Phylogenetic inferences
BioNumerics software 6.6 (Applied Maths, Sint-Martens-Latem, Belgium) was used to visualize evolutionary relationships between the T clinical isolates by drawing Minimum Spanning Trees (MSTs) using 24-loci MIRU-VNTR and spoligotype data. MSTs are undirected graphs in which all samples are connected together with the fewest possible connections between nearest neighbors.
Bayesian population structure analyses
To explore genetic structure of M. tuberculosis T isolates, two Bayesian clustering algorithms were used in parallel, implemented in the software STRUCTURE 2.3 [25] and in TESS 2.3 [26, 27]. In both programs, an admixture model was implemented considering that the data originate from the admixture of k ancestral populations at some time in the past. The ancestry coefficient (or admixture proportion) in the individual Q-matrix correspond to part of the genome that each individual inherited from ancestors. Admixture models are a common feature for real data and are therefore more flexible than models without admixture. Posterior estimates for the parameters of interest are computed by using a Markov chain Monte Carlo (MCMC) algorithm. In our study, STRUCTURE was run in 10 parallel MCMC for K populations ranging from 3 to 10, with a burn-in of 100000 iterations and a run length of 106 iterations following the burn-in. To estimate the right number of population among T isolates, ln P(D|K) (the logarithm of the probability of the data given K) was calculated using the program STRUCTURE HARVESTER [28], as well as the delta K calculated by the Evanno method [29]. Concerning the TESS analysis, random spatial coordinates were first generated individually (within each country or region) prior to any run. TESS was then run in 10 replicates, with Kmax ranging from 2 to 15 for 50000 sweeps with a burn-in period of 10000. To estimate the right number of clusters among T dataset, the deviance information criterion (DIC) was computed and plotted against Kmax [30].
For both STRUCTURE and TESS Q-matrix, medians were then calculated from 10 replicates for K = 8 by using the Greedy algorithm implemented in CLUMPP 1.1.2 software [31] to guarantee the optimum clustering for each analyses. Results of admixture coefficients were then displayed spatially by an interpolation technique called universal kriging: Q-matrix were represented either on a single map (ETOPO1 map produced by NOAA freely available as indicated here: https://www.ngdc.noaa.gov/mgg/global/dem_faq.html#sec-2.4 [32]) using the script 'POPSutilities.r' implemented in the program R, or on separate maps for each K by using the script 'plot.admixture.r' (both scripts available through TESS website: http://membres-timc.imag.fr/Olivier.Francois/tess.html).
New MST analyses were then performed using BioNumerics software 6.6 and identifying M. tuberculosis T strains belonging to sublineages 1 to 8 defined by STRUCTURE analysis using a cutoff of 0.5. For each sublineage, BlockLogo was used to visualize main patterns of tandem repeats of 24 loci MIRU-VNTRs [33]. The Hunter-Gaston discriminatory index (HGDI) was calculated as previously described [34].
Allelic richness
For analyses on allelic richness, 24-loci MIRU-VNTR data were grouped according to M. tuberculosis T sublineages defined by STRUCTURE software. Mean allelic richness was evaluated using statistical technique of rarefaction implemented in the software HP-RARE 1.0 which compensates for sampling disparity [35]. Results were compared based on Dunn’s test for stochastic dominance [36] followed by multiple pairwise comparisons of the stochastic dominance among k groups using the Kruskal-Wallis test [37].
Ethics statements
None required since the genotyping data were already published or extracted as anonymized data from the SITVIT2 database.
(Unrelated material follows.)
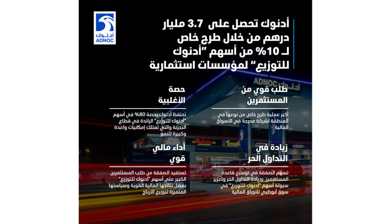 أدنوك تنفذ بنجاح طرح خاص بقيمة 3.7 مليار درهم لحصة من أسهم شركة "أدنوك للتوزيع"

Results and discussionPhylogenetic inference of T lineage isolates by MST
Evolutionary relationships between M. tuberculosis T isolates were explored by MST analysis. Spoligotyping showed a non-perfect structuring of T sublineages with main central node made up of the T1 (n = 450), T2 (n = 73) and T3 (n = 40) sublineages and other sublineages mixed up in the MST without any clear structure. Furthermore, no clear-cut geographical segregation of T isolates could be highlighted from this spoligotyping data (S1 Fig), corroborating the fact that T sublineages include many strains that do not structure together as a single phylogenetic group stricto sensu [11]. Indeed, spoligotyping used alone may misclassify certain strains mainly due to homoplasy and weak mutation rates [1,7,8]. Hence, we further explored evolutionary relationships by constructing a MST focusing on more robust 24-loci MIRU-VNTR of the studied T strains (n = 607 isolates, Fig 1). We observed a surprisingly clear-cut correlation between geographical regions, strains, and phylogenetic groups. Briefly, a visual segregation based on countries was palpable as well as regional differences within a large country like China, although exceptions included existence of two groups in Sichuan, and the observation that some isolates from Iraq clustered with Brazilian strains (Fig 1).
10.1371/journal.pone.0171584.g001
Minimum Spanning Tree (MST) illustrating evolutionary relationships between M. tuberculosis T lineage isolates (n = 607) based on 24-loci MIRU-VNTR.
The MST connects each genotype based on degree of changes required to go from one allele to another; the complexity of the lines denotes the number of allele/spacer changes between two patterns: solid lines (1 or 2 or 3 changes), gray dashed lines (4 changes) and gray dotted lines (5 or more changes); the size of the circle is proportional to the total number of isolates sharing same pattern.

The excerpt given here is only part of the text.